Kai cutucou o ombro de Anis, sorrindo para ela, aproveitando que as câmeras estavam focadas nas apresentadoras.

– Está nervosa?

– Estou irritada, mas quero ter classe - Anis fingiu jogar o cabelo para trás. Kai riu da atitude dela. - É difícil debater quando se liga ao vivo para a autora do livro que eu critiquei.

– Você odeia mesmo o estilo? - Andressa estava de braços cruzados, tentando conversar de forma amigável com Anis e Kai desde o primeiro intervalo. - Acha que romances com cenas adultas são um desperdício?

– Eu acho que existe um público - Anis suspirou. - Entenda, eu sou muito fã de alguns bons livros em que cenas de sexo estão presentes. Recentemente eu li "De férias com você" e achei muito bom, mesmo com uma cena de sexo.

– Então qual é a sua batalha aqui?

– Querer direitos - Anis suspirou de novo, coçou a cabeça e tentou forçar um sorriso. - Não é como se fosse inveja, mas é um tipo de ofensa que não consigo controlar. Eu passei a minha vida escrevendo, lendo livros bons de verdade. Estudei todos os clássicos, cursei sete idiomas diferentes. Algumas vezes fazendo dois ao mesmo tempo. Fora as oficinas de escrita, os cursos de literatura, as aulas particulares... Eu fico cansada de lutar tanto contra a maré.

– Então por que você só não escreve livros sobre sexo? - Bird se aproximou do trio, cruzando os braços e tentando falar de uma forma rápida e fluida. Ser o único não nativo do idioma estava deixando-o tenso.

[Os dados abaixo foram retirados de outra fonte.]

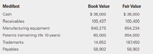 Alto Devices acquires Medifast, a small start-up company, by paying $2,170,000 in cash on January 2. Following are the book values and fair values of Medifast on the date of acquisition.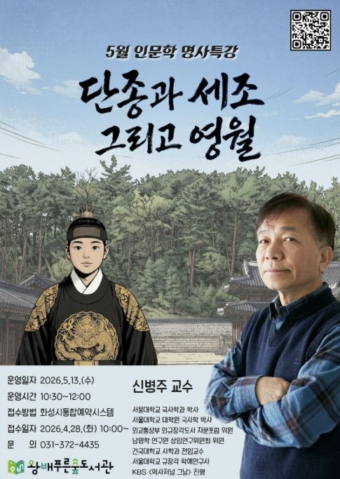(포탈뉴스통신) 화성시문화관광재단 운영하는 왕배푸른숲도서관이 오는 5월 13일, 지역 주민들을 위해 역사학자 신병주 교수를 초청하여 5월 인문학 명사특강을 개최한다.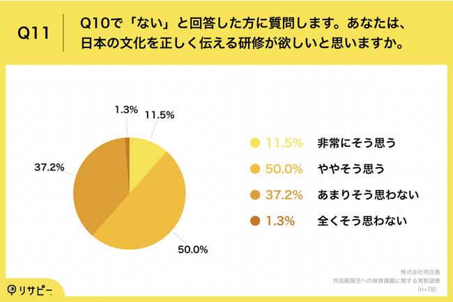 Q10で「ない」と回答した方に、「Q11.あなたは、日本の文化を正しく伝える研修が欲しいと思いますか。」(n=78)と質問したところ、「非常にそう思う」が11.5%、「ややそう思う」が50.0%という回答となりました。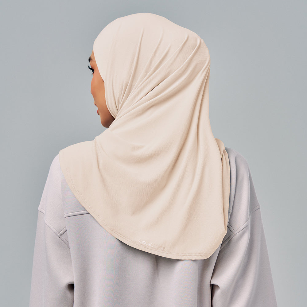 Semi-instant sports hijab in triangle cutting with an attached inner necktie. Freedom to move and easy to style.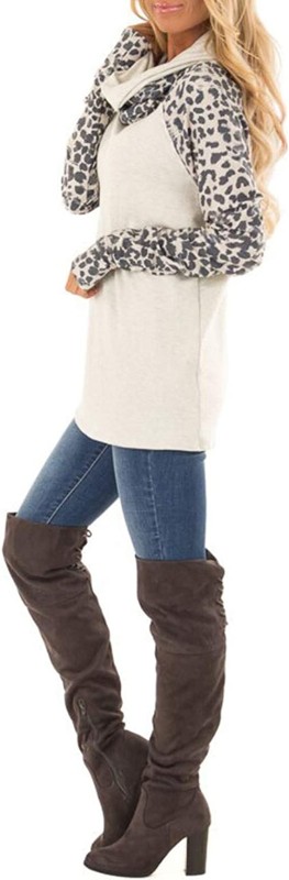• Unique leopard print long sleeve patchwork,with the stylish cowl neck,contrast color block,and other fashion elements,reflects the master design concept from the whole to details.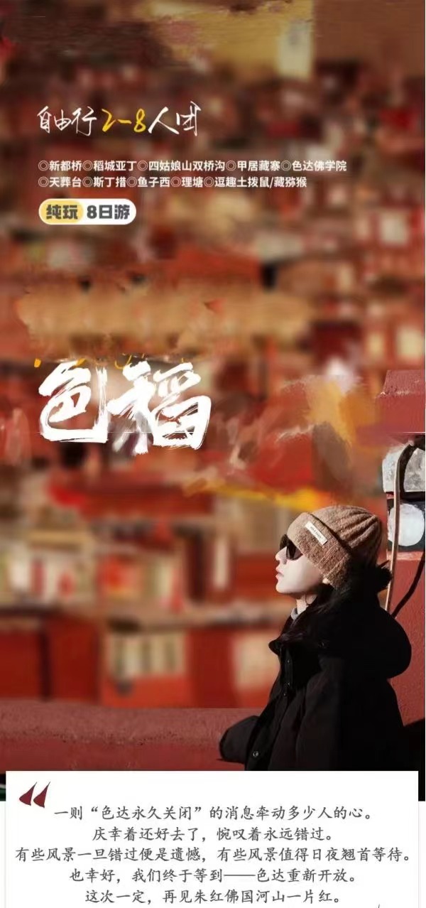 (8)旅游旺季來臨,色達(dá)接待能力有限,特此天葬臺、五明佛學(xué)院均有限流需提前預(yù)定。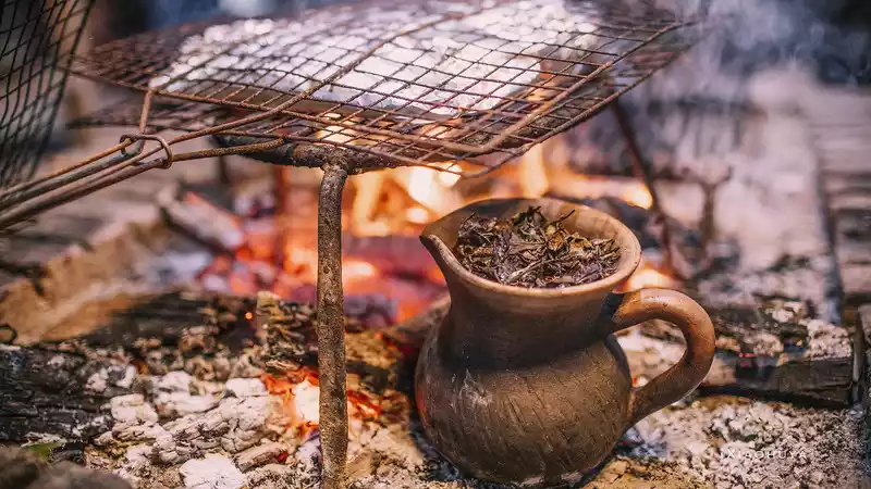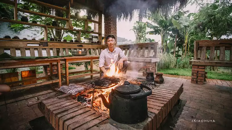 far away, in the tea factory next to the tea mountain, the director has prepared Dai-flavored barbecue, grilled fish, barbecue, roasted tea (tea can also be roasted?) The aroma is fragrant, coupled with the chicken soup stewed with various mushrooms this season, the taste is not too good.

– Porque escrever sobre isso é fácil - Anis apertou os lábios em um traço. - Não é que eu não entenda o apelo que a coisa toda tem, mas eu fico revoltada de ver como o sexo tem sido comercializado. As comunidades cristãs pregando que não devemos ensinar educação sexual, mas a maior parte dos seus fiéis vive em áreas vulneráveis, onde as crianças não são protegidas com a mesma facilidade que os filhos de ricos. E não quero dizer que ricos não podem sofrer abuso, assédio ou algo assim. Mas a questão é que já temos o sexo muito naturalizado na nossa cultura.

– Entendo o que quer dizer - Kai cruzou os braços, mudou o peso do corpo para uma perna e suspirou. - As diferentes culturas estão finalmente se conectando graças à tecnologia e à internet, mas a realidade é que apesar de nossas pautas sociais estarem anos luz avançadas em relação a outros países, o Brasil sempre se torna o foco mundial do comércio sexual.

– E somos o país que mais mata trans, e também estamos em cima entre os países com maiores índices de estupro de menores e de vulneráveis. Todos acham que, se não vivemos com macacos, estamos aqui para servir.

– Especialmente em turismo sexual - Andressa pareceu ponderar. - Eu entendo o que quer dizer, mas existe um público por aí, um público que ficou carente de conteúdo sexual feito por mulheres e para mulheres. Não podemos ver isso como um tipo de emparedamento da sexualidade feminina?